Members of the WRKY gene family play important roles in regulating plant responses to abiotic and biotic stresses. Treatment with either one of the two different cell wall degrading enzymes (CWDEs), ...LipaseA and CellulaseA, induces immune responses and enhances the expression of OsWRKY42 in rice. However, the role of OsWRKY42 in CWDE induced immune responses is not known.
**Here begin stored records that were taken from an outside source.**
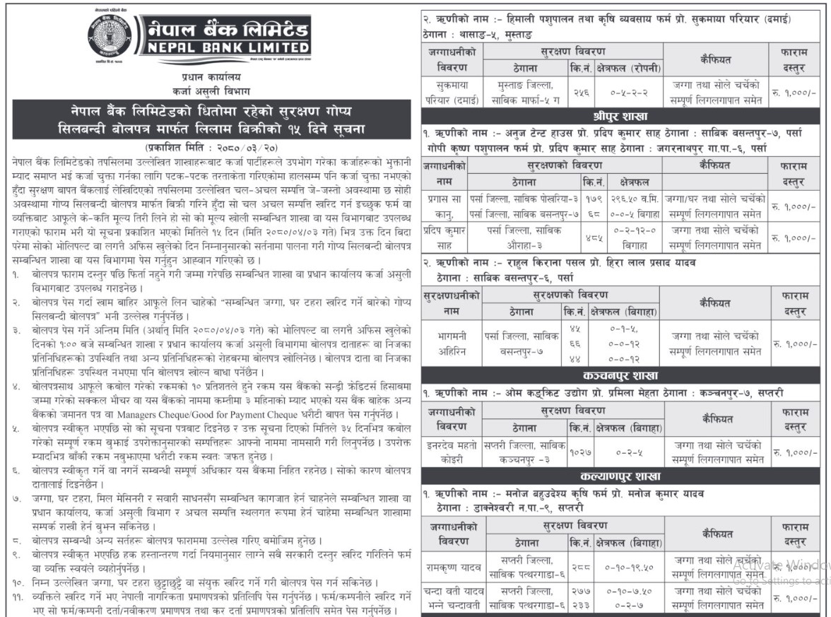 नेपाल बैंकले यी सम्पत्ति लिलामी मार्फत बिक्री गर्दै
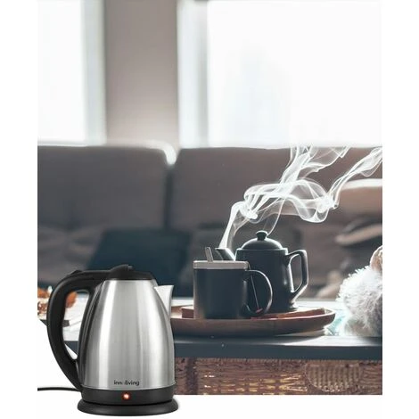 Bollitore cordless in acciaio- Capacità max: 1,8,0L, Potenza: 1800-2200W, Corpo in acciaio inossidabile, Base girevole a 360°, Elemento riscaldante nascosto, Filtro anticalcare, Interruttore ON/OFF con indicatore luminoso, Spegnimento automatico, Protezione contro il funzionamento a secco, Alimentazione: 220 – 240V ~ 50/60Hz
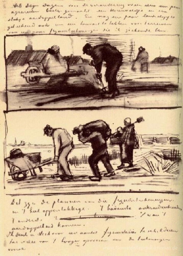 Wir bieten Ihnen eine handgefertigte Reproduktion auf Leinwand des berühmten Kunstwerks 'Drei Personen Rückkehr aus dem Kartoffelfeld' von Vincent van Gogh, aus dem Reproduktionsmuseum.
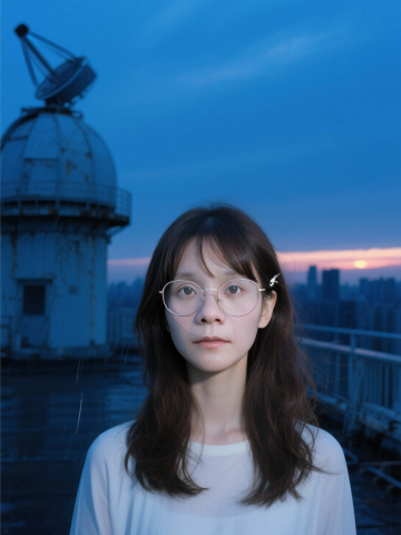 胶片风质感,蓝调暮色中少女凝视镜头,光影朦胧,静谧与文艺交织,实景感十足,城市天际线隐现,诉说都市边缘的诗意。

Expression of the rice transcription factor OsWRKY42 is induced upon treatment of rice leaves with CWDEs, wounding and salt. Overexpression of OsWRKY42 leads to enhanced callose deposition in rice and Arabidopsis but this does not enhance tolerance to bacterial infection. Upon treatment with NaCl, Arabidopsis transgenic plants expressing OsWRKY42 exhibited high levels of anthocyanin and displayed enhanced tolerance to salt stress. Treatment with either cellulase or salt induced the expression of several genes involved in JA biosynthesis and response in Arabidopsis. Ectopic expression of OsWRKY42 results in reduced expression of cell wall damage and salt stress induced jasmonic acid biosynthesis and response genes. OsWRKY42 expressing Arabidopsis lines exhibited enhanced tolerance to methyl jasmonate mediated growth inhibition.
The results presented here suggest that OsWRKY42 regulates plant responses to either cell wall damage or salinity stress by acting as a negative regulator of jasmonic acid mediated responses.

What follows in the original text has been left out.